If the project needs sub-metre detail (outcrop-scale structure, infrastructure), no free optical sensor will do; you move to commercial imagery (e.g. WorldView) or UAV photogrammetry. State that constraint early rather than over-promising what 10–30 m pixels can deliver.
Always start from surface reflectance
The most common silent error in consulting deliverables is computing indices from top-of-atmosphere (TOA) radiance. Atmospheric scattering (Rayleigh and aerosol) adds a wavelength-dependent path radiance that is strongest in the blue and decreases toward the SWIR. Because band ratios assume the numerator and denominator are affected equally, an uncorrected scene biases every ratio and makes multi-date comparison meaningless.

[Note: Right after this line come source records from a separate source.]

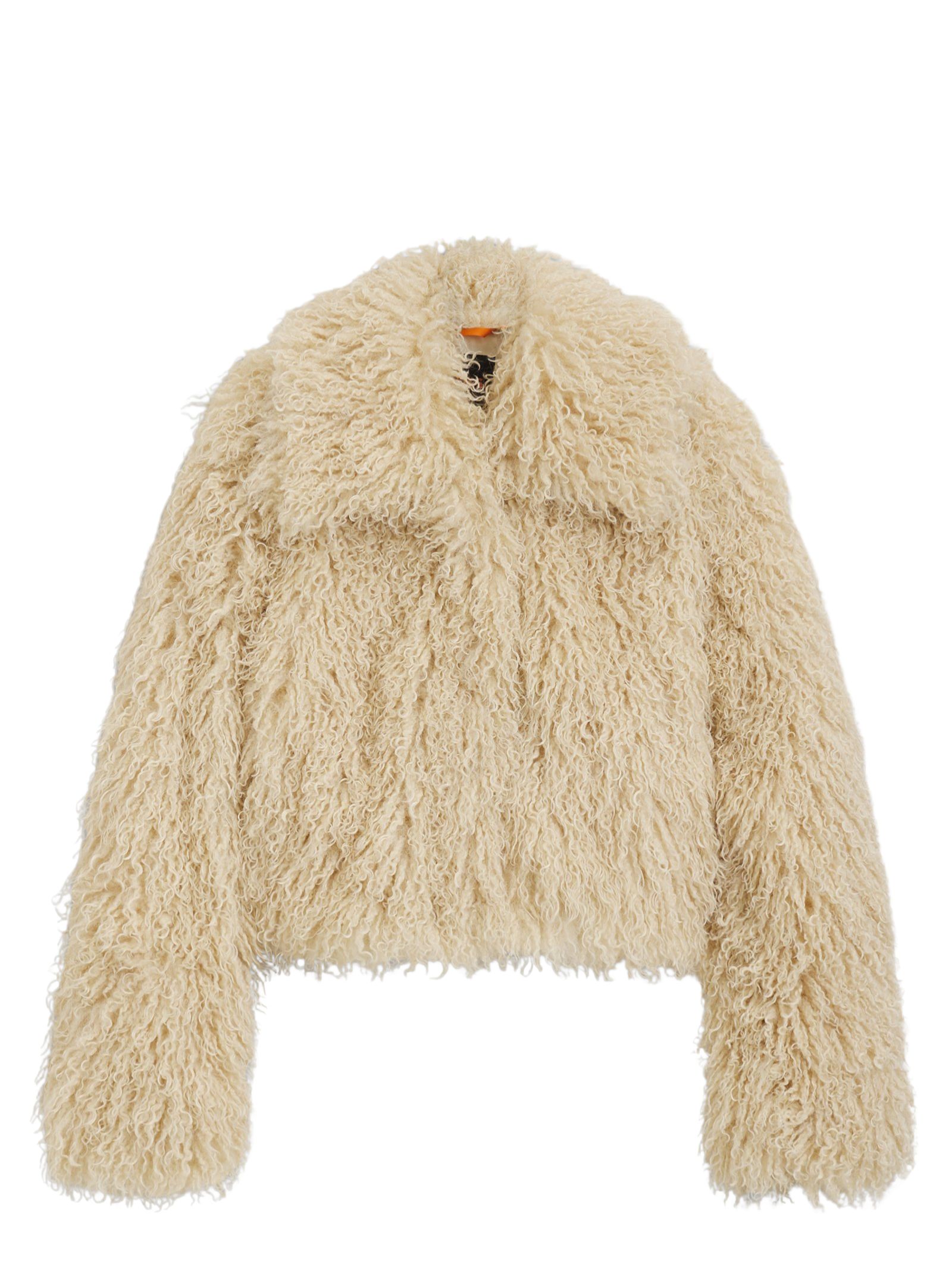 Ecopelliccia Boss realizata in morbida pelliccia sintetica effetto mongolo per un look moderno e di tendenza. Presenta chiusura centrale con gancio e occhiello e una linea elegante e avvolgente. Composizione: 100% poliestere; fodera 55% poliestere e 45% viscosa; fodera maniche 100% poliestere.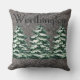 Grey Linen Snowy Evergreen Trees Name Throw Pillow
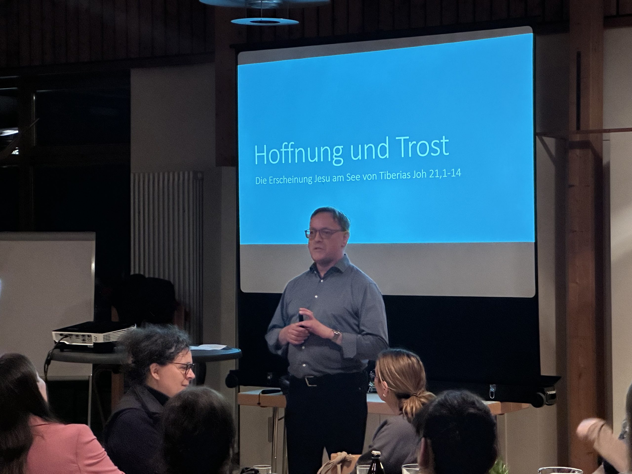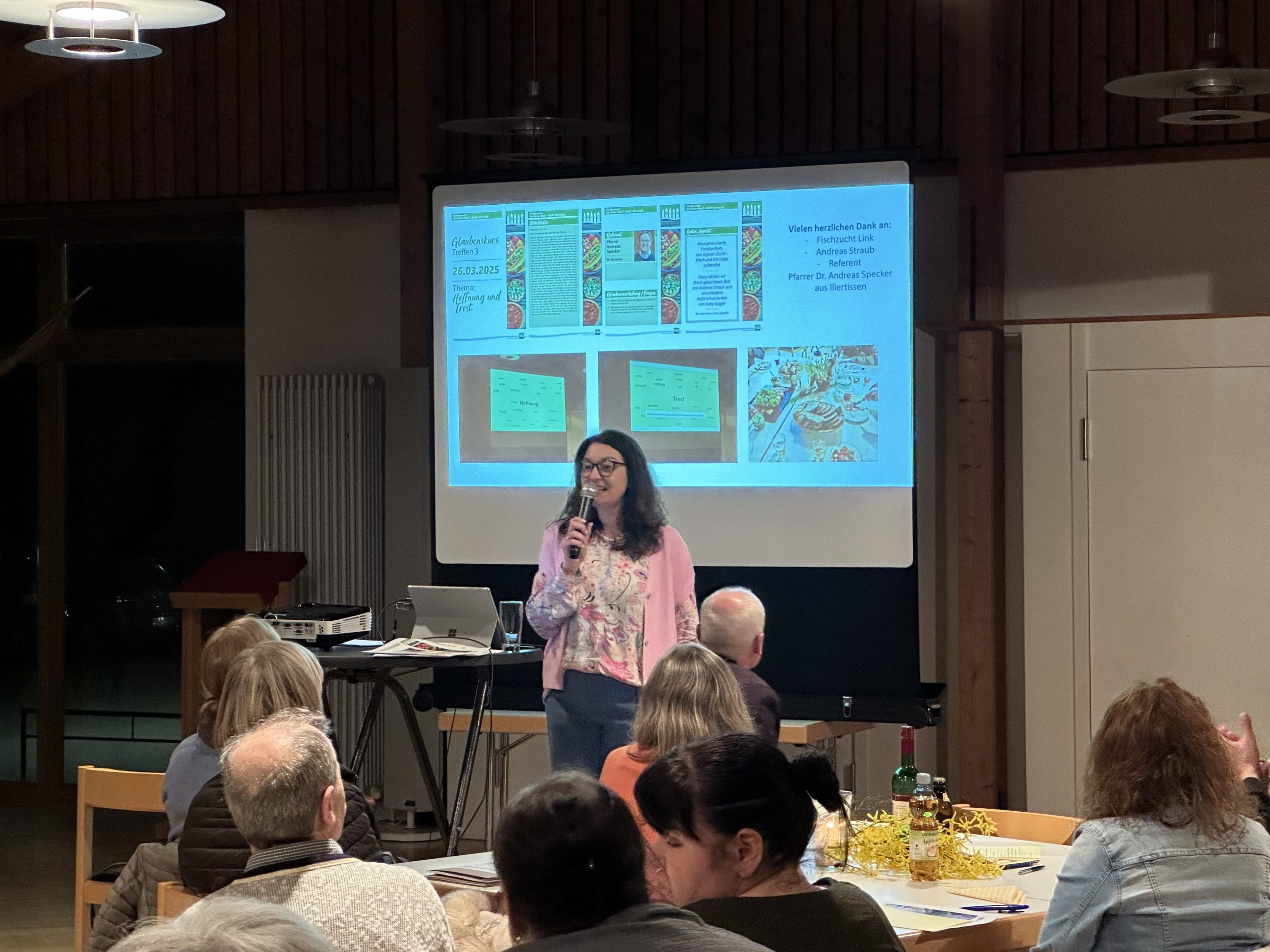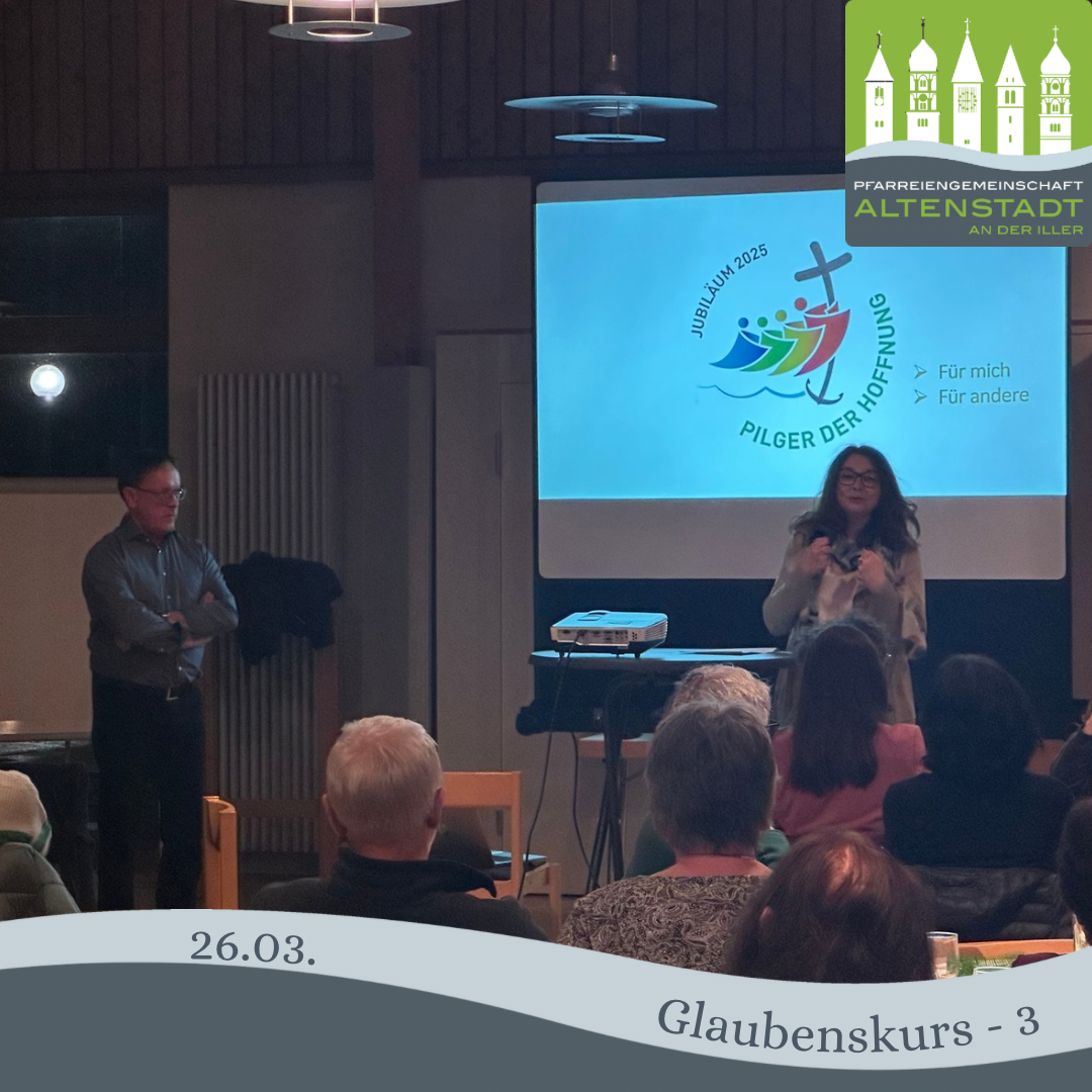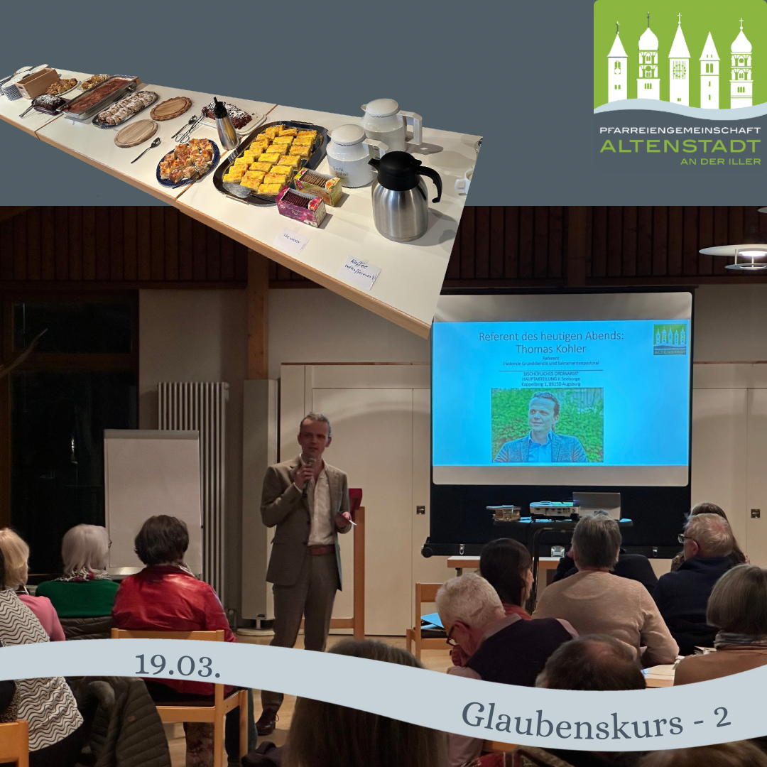 An unserem dritten Glaubenskursabend konnten wir zum Thema „Hoffnung und Trost“ aus der Nachbar-PG Illertissen Pfarrer Dr. Andreas Specker als Referent begrüßen. Anhand verschiedener Bibelstellen über das Thema Hoffnung und über die Begegnung des Auferstandenen mit den Jüngern beim Fischfang führte Herren, sind die Thematik Hoffnung und Trost ein. Nicht die Vergangenheit, die man nicht genauso wiederherstellen kann, macht Hoffnung, sondern der Blick in die Zukunft. Dabei ist die Gemeinschaft wichtig, untereinander und auch mit Jesus Christus, die sich oftmals bei einem gemeinsamen Essen ausdrückt-ob zu Hause oder bei der Messfeier. Mit den Fragen, was uns im Glauben Hoffnung gibt und woraus diese Hoffnung sich speist, gingen die Gruppen in die weiteren Gespräche.

Use the analysis-ready Level-2 products:
- Sentinel-2 Level-2A (surface reflectance, produced by Sen2Cor) from the Copernicus Data Space Ecosystem.
- Landsat Collection 2 Level-2 surface reflectance from USGS EarthExplorer.
For older or unusual scenes where only Level-1 exists, run an atmospheric correction (e.g. Sen2Cor for Sentinel-2, or a dark-object subtraction as a crude minimum) before any quantitative step. Record the correction method in the metadata, because the choice changes the numbers downstream.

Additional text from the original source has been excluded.